The study, to be published shortly, surveyed 733 adivasi households in 14 villages living within the Tansa wildlife sanctuary area and surroundings.
It points out how local people cannot access their own resources and are marginalised as a result of the law, developmental policy and caste and class factors. In addition, the Kunbis, who own large tracts of land in these areas, and the Marathas have exploited the adivasis.
The first stage of the Tansa dam was completed as far back as 1892. Since then, three other projects have been constructed to provide water to Mumbai's millions and a new project called the Middle Vaitarna, among five others proposed, is on the cards. Veteran activist Kaluram Dhodade of Bhoomi Sena, which has waged a major struggle for land rights in this region, says that after 60 years, these people do not have even drinking water, forget development. Their lands are taken for public projects yet there is no political will to implement even minimum wages.

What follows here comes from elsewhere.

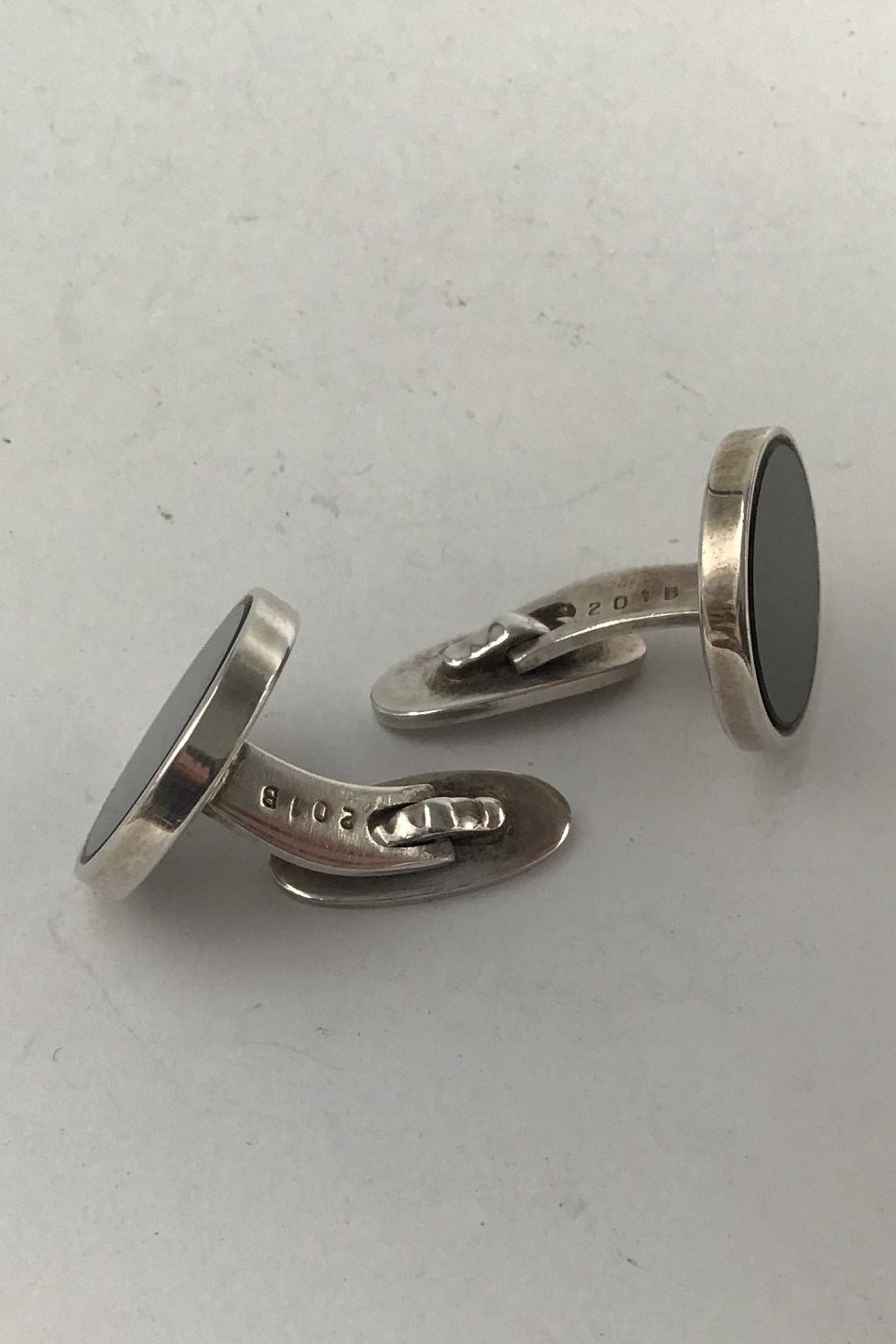 Georg Jensen Sterling Sølv Manchetknapper No. 201B (Onyx)Måler Diam 1.9 cm (0.75 inch) Samlet Vægt 17 gr (0.6 oz)

Apart from the adivasis, the Kunbis also face alienation and lack of access to resources. The sense of injustice is deep, points out Vishwanath Patil, president, Kunbi Sena. People's lands were forcibly taken away for the Tansa dam and they have not yet been compensated. About 84 villages lost their lands to dams and water pipelines in Bhiwandi and Shahpur talukas and they have been repeatedly displaced, he said.
When the Bombay Municipal Corporation built the Tansa and Vaitarna dams, it promised jobs to local people. But nothing has happened. The Kunbi Sena has been demanding compensation for those displaced by the Tansa and Vaitarna projects, drinking water for the 84 villages affected by pipelines, road access and schools.
Bus services to the cluster of 84 villages began only last year. There are no basic health facilities in many of these areas. Despite protests, government response has been tardy. Finally four months ago, after a 40-day protest, some assurances were given but none has been honoured so far.
While water from Thane is piped to Mumbai, people near the dams have to fetch water from sources that are over two kilometres away. Also instead of providing irrigation to the local people, many of whom are rice farmers, water is given away to industries.
Though industries are given concessions and cheap water in talukas like Wada, in the last decade many have closed down. Local people rarely benefit as the labour is mostly from outside the region.
In the last four years, the Kunbi Sena and the Communist Party of India (Marxist) have been working together on issues of land, water, employment and development.
State CPM committee member Raju Paranjpe says, "Natural resource should be equitably shared by all concerned and the local people should be given some priority." The CPM and the Kunbi Sena are not opposed to industries but want a share of jobs for the local people as well as a share in the development.
Examples of such imbalance between rural and urban areas can be seen all over Maharashtra where cities are growing disproportionately and often at the cost of the surrounding areas.
Dams meant for irrigation are used to supply drinking water to the nearest cities. In fact in many of the dams near Pune, Solapur and Aurangabad, drinking water and industrial use are a priority; irrigation comes after that.
While urbanisation is a reality, the Government seriously needs to reconsider favouring urban growth at the cost of rural neglect.
In the poorer parts of Thane district like Jawhar, Mokhada, Shahpur, Wada, and Vikramgad there is seasonal migration due to loss of control over land and water resources, a high number of child deaths and chronic malnutrition among children.
"If you want to do something here, you don't need to part with a lot of resources. It does not take too much to share resources," says Mondal whose study can form the basis of an action plan for some much-needed intervention.